BALTIC Centre for Contemporary Art


Jim Shaw at BALTIC Centre for Contemporary Art

Jim Shaw, Capitol Viscera Appliances, 2011. Mural. Photo: LeeAnn Nickel, Los Angeles. Courtesy the artist and Simon Lee Gallery London/Hong Kong.

Jim Shaw
The Rinse Cycle

9 November 2012–17 February 2013

BALTIC Centre for Contemporary Art
Gateshead Quays, South Shore Road
Gateshead NE8 3BA UK
Hours: Monday–Sunday 10–18h
Tuesday 10.30–18h
Admission: Free

www.balticmill.com

BALTIC Centre for Contemporary Art, Gateshead presents The Rinse Cycle, the first survey exhibition of Jim Shaw’s work since 1999 and the first exhibition to bring all of his major series together.

Shaw’s work is informed by a relentless inquiry into the imagery of popular culture, the vernacular, art history, politics and religion, as well as his unconscious and ADD-fuelled mind. An obsessive cultural cataloguer, Shaw draws from these disparate sources to make work in distinct series that are intensively researched and often take years to complete. His first major project, My Mirage (1986–91), is a study of 1960s American aesthetics—each of its 170 component works is based on a pre-existing source. Collectively, they form a lose narrative that charts the changing psyche of Shaw’s alter-ego Billy from adolescence to his discovery of sex and drugs, his fall and ultimate rebirth through organised religion.
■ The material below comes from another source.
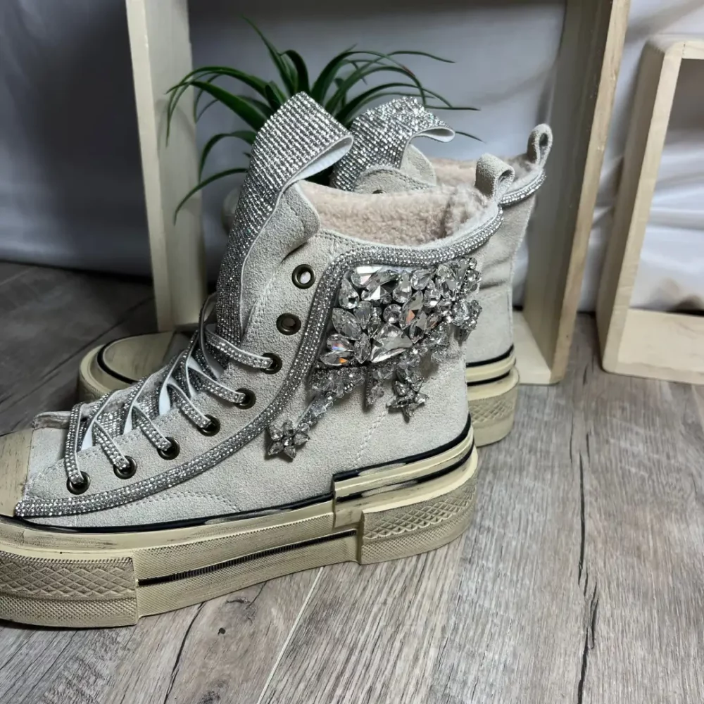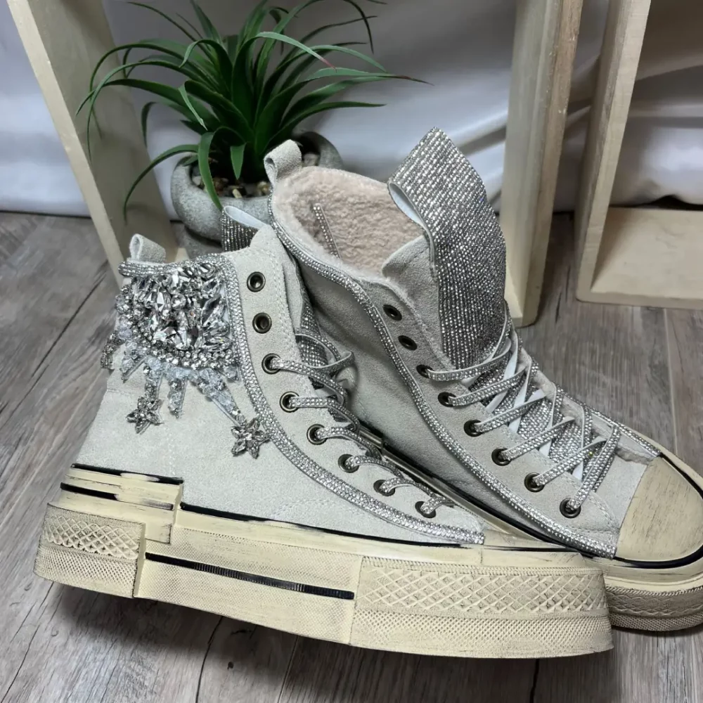 Osez la sneaker montante Nan-Ku EFD-21C blanc : un modèle raffiné et lumineux orné de strass et cristaux, alliant confort, chaleur et élégance. Sa teinte blanche intemporelle sublime chaque détail, pour un look chic en toute occasion. Parfaite pour l’automne-hiver, elle conjugue audace, féminité et qualité artisanale.

From 1991 to 1999 Shaw recorded and translated his dreams into the “Dream Drawings.” As a potentially endless repository of inspiration for future works, many of the drawings provided the impetus for an extensive body of sculpture—the “Dream Objects.” Towards the end of the 1990s, Shaw focused on his fictitious religion Oism, a ‘faith for the faithless,’ creating its mythology and pre-history through sculpture, painting, performance and comics.
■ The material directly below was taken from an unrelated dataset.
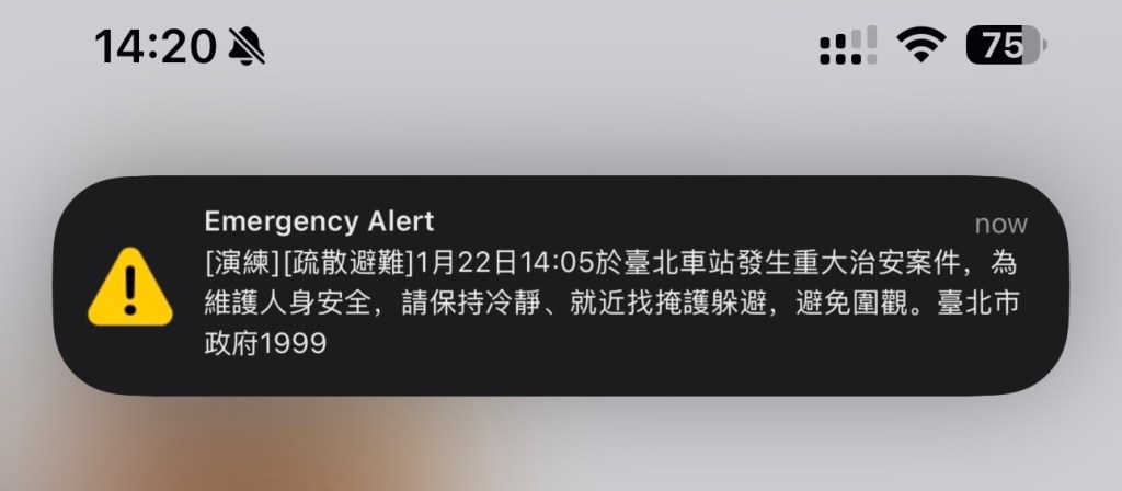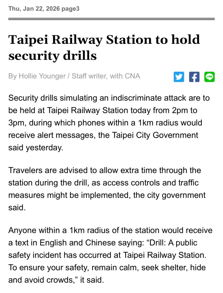 A screenshot from the Taipei Times website – the emergency alert was a drill/test.

Shaw’s most recent works reveal him to be as significant a force as ever. In 2004, he began the “Left Behind” banners—monumental paintings created on found theatrical backdrops. Overlaid with heterogeneous references, initially in response to George W. Bush’s presidential campaign, they create a disorienting vision of a schizoid America. His two-part Men in Pain paintings, which emerged in 2010, layer diverse art-historical and psychological references on top of medical illustrations and inkjet prints of iced cakes from 1950s household magazine adverts.

Shaw’s archaeological dig into the landscape of American popular culture fetches to light some of its darkest, most deeply buried connections. Bringing together his major series for the first time, The Rinse Cycle reveals the intricate interplay between the different bodies of Shaw’s work, revealing the richness of his conceptually driven practice over three decades.
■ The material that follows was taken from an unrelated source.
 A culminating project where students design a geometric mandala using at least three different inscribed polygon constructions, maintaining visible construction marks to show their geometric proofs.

The exhibition is accompanied by a major publication in association with Koenig Books, London with 150 illustrations and essays by Laurence Sillars, BALTIC Chief Curator; John C. Welchman, Professor of Modern Art History in the Visual Arts Department at the University of California, San Diego; Darcey Steinke, novelist and Columbia University faculty member; a poem by Anne Carson and Robert Currie and a conversation between Jim Shaw and artist Tony Oursler.